• The ground floor of the Moody Center is mostly glass, while the upper level is clad with dark gray bricks and has a reduced number of irregularly sized and spaced openings. Photo by Peter Molick.

Project Moody Center for the Arts
Client Rice University
Architect Michael Maltzan Architecture
Design Team Michael Maltzan, FAIA; Tim Williams; Jeanette Fabry;
Andrea Manning; Matt Austin; Hiroshi Tokumaru; Peter Erni; James Tate;
Ann Soo; Jen Lathrop; Gee-Ghid Tse; Pil Sun Ham; Alan Sillay; Peter
Osborne; Collin Cobia; and Casey Benito
Photographer Peter Molick

The Rice University campus, like its host city, Houston, has been transformed in spurts, with furious but sporadic building booms. Unlike Houston, Rice has mostly followed a formal plan. Its biggest boom lasted from the late 1940s through the early 1970s, during which time 30 new buildings appeared. The latest growth period began in the late 1990s under president Malcolm Gillis and has continued under current president David Leebron. With the latest new-building count at 30 (including the Rice Opera House, in the design phase), the postwar boom has been matched, and there are no signs that the current one is winding down. Indeed, a common quip at Rice is that there are more buildings than there are students.
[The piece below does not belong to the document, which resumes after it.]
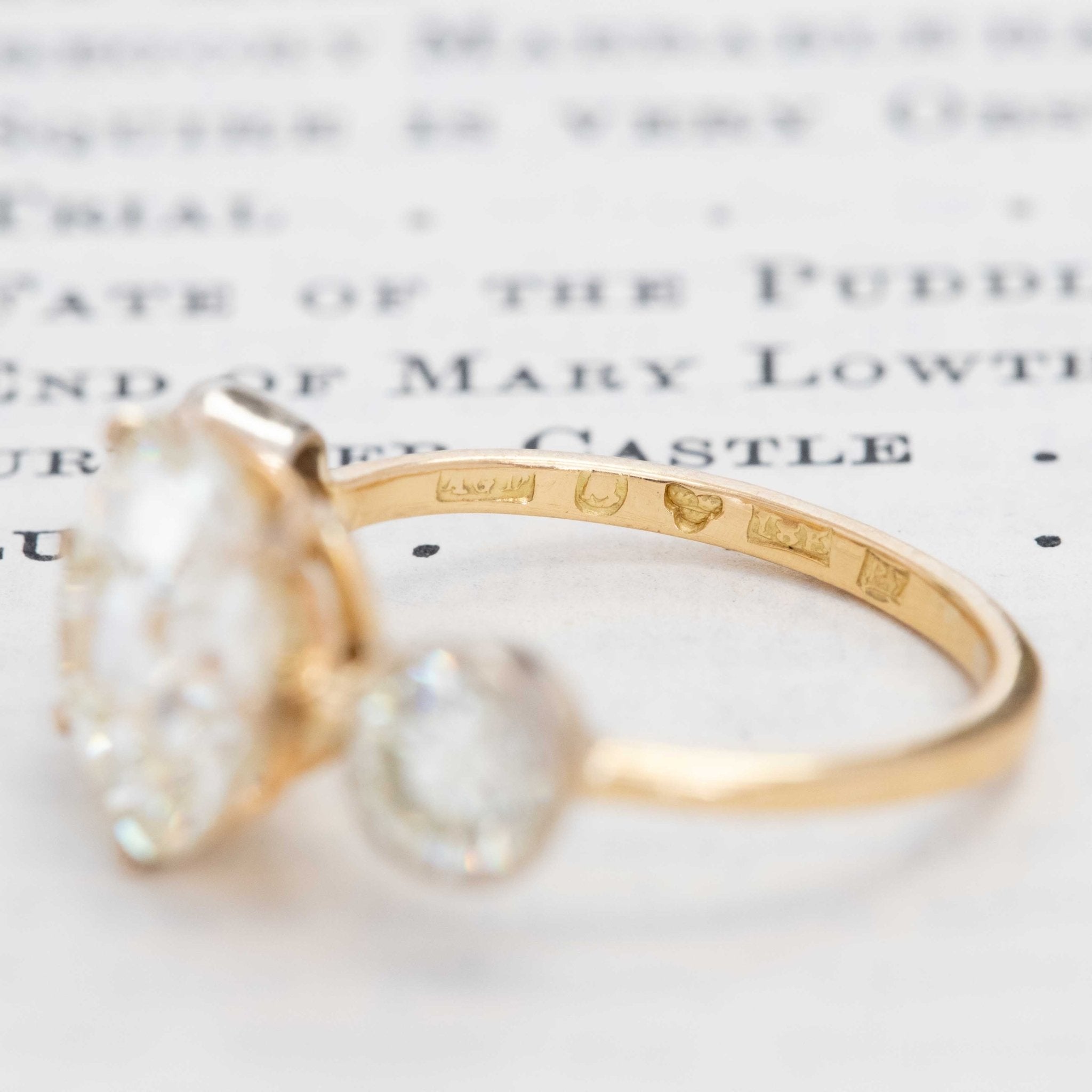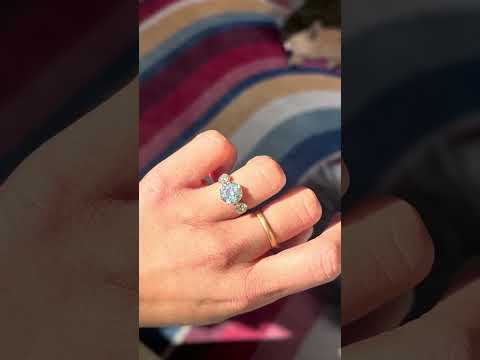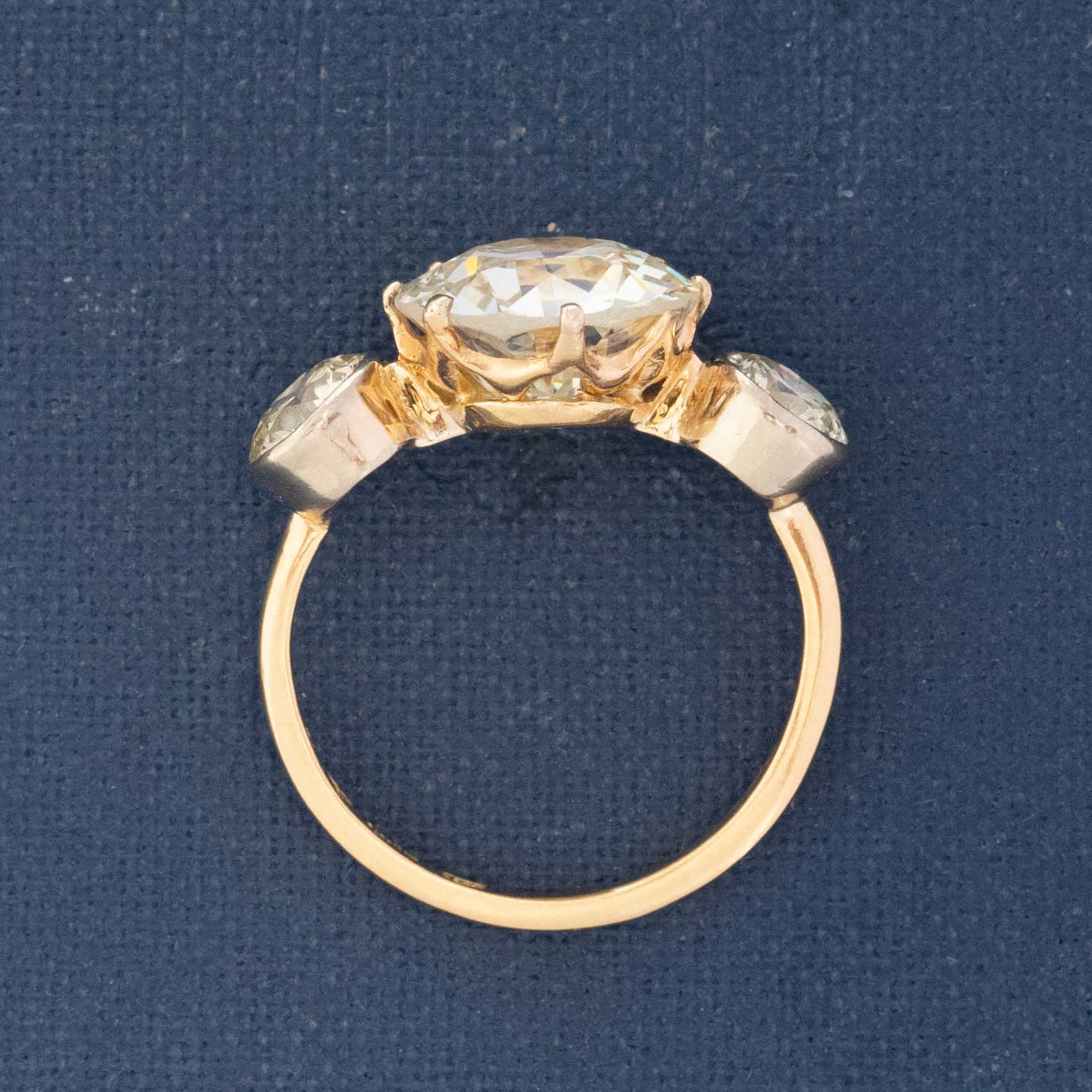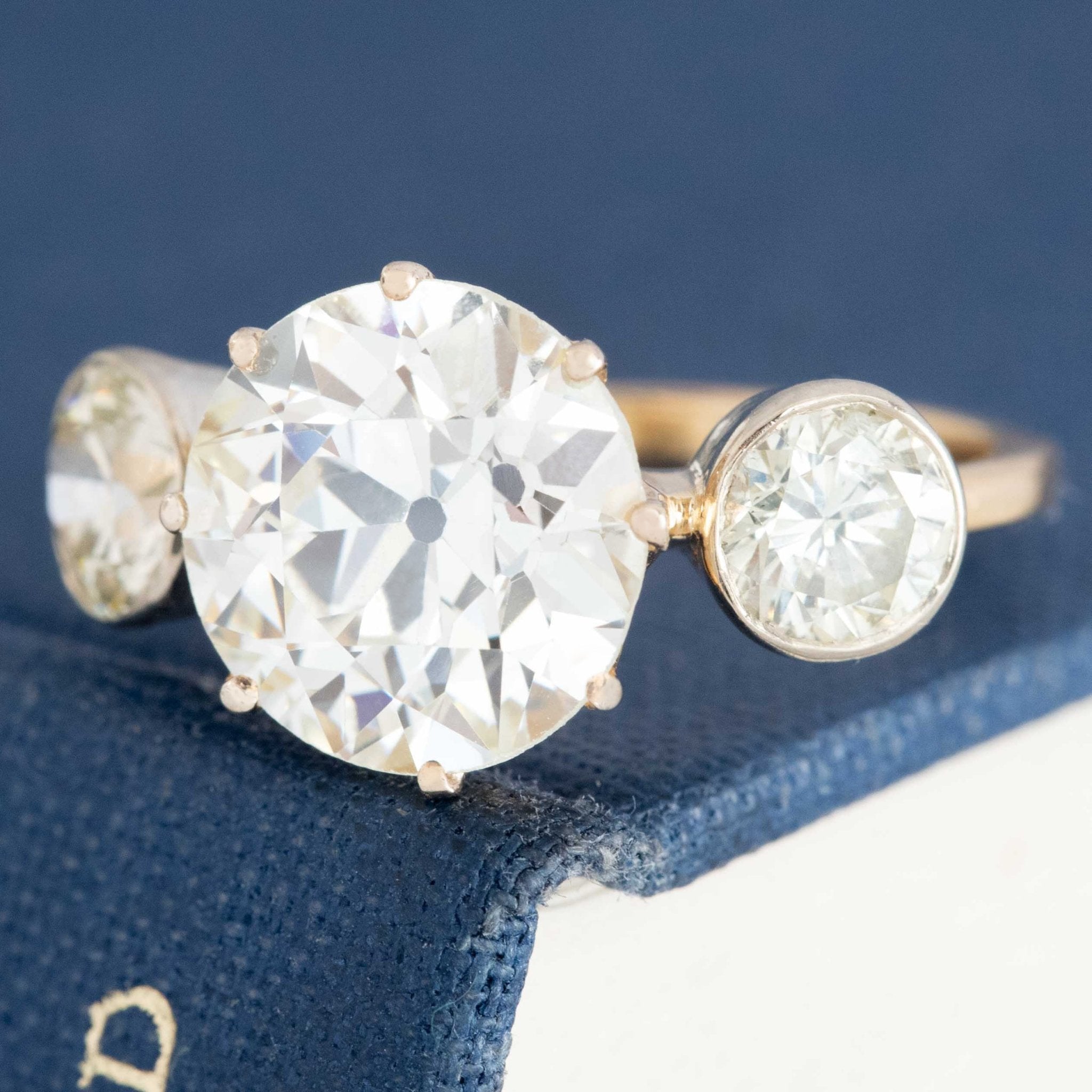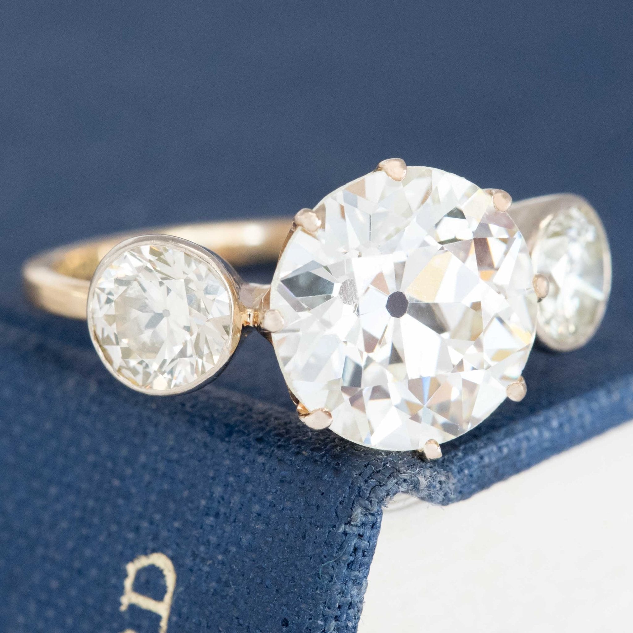 This trilogy ring with 3 Old European cut diamonds is an absolute stunner, with the loveliest proportions and spread across the top of the finger. The center is a 3.45ct N VS1, with a much whiter face-up than its graded color. We love the two bezel-set OEC’s that sit on its’ shoulders, adding a dual-setting-style element to the prong-set center stone. Not to mention, the mounting is also antique! She’s fully loaded with hallmarks including an 18kt stamp and a French ram’s head, confirming this is gold.
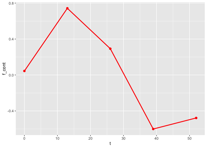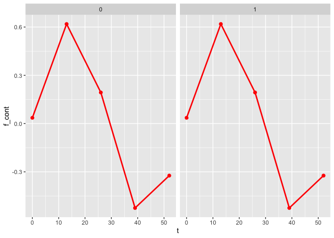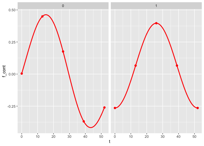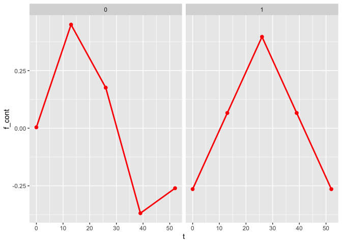 Finally, we can perform tests on the nonlinear functions. The first element of the list is an overall test of equality. If the p-value is \(< 0.05\), we reject the null hypothesis of equality and conclude that overall the two nonlinear functions are different. To obtain a comparison at each time point, confidence bands are computed, and a figure displaying these confidence bands is generated. For the time points associated with confidence bands that include \(0\), we cannot reject the null hypothesis that the nonlinear functions are the same for this time point. The data frame that is used to generate this figure can be found in the second element of the output list.

As with all construction booms, the results are mixed: There are some great buildings, some terrible ones, and a lot in between.

The newest facility to open at Rice is the Moody Center for the Arts, a two-story, 52,000-sf building on the southern edge of campus designed by Los Angeles architect Michael Maltzan. Its ground floor is largely glass, while the second floor hovering over it is mostly solid, clad with metallic gray brick and punctured by relatively few — but large — openings, irregularly shaped and spaced. The contrast between the two floors evokes the shapes of existing campus buildings — rectangular bars of varying dimensions — and the sensation of passing through Rice’s dense gray-green canopy of live oaks.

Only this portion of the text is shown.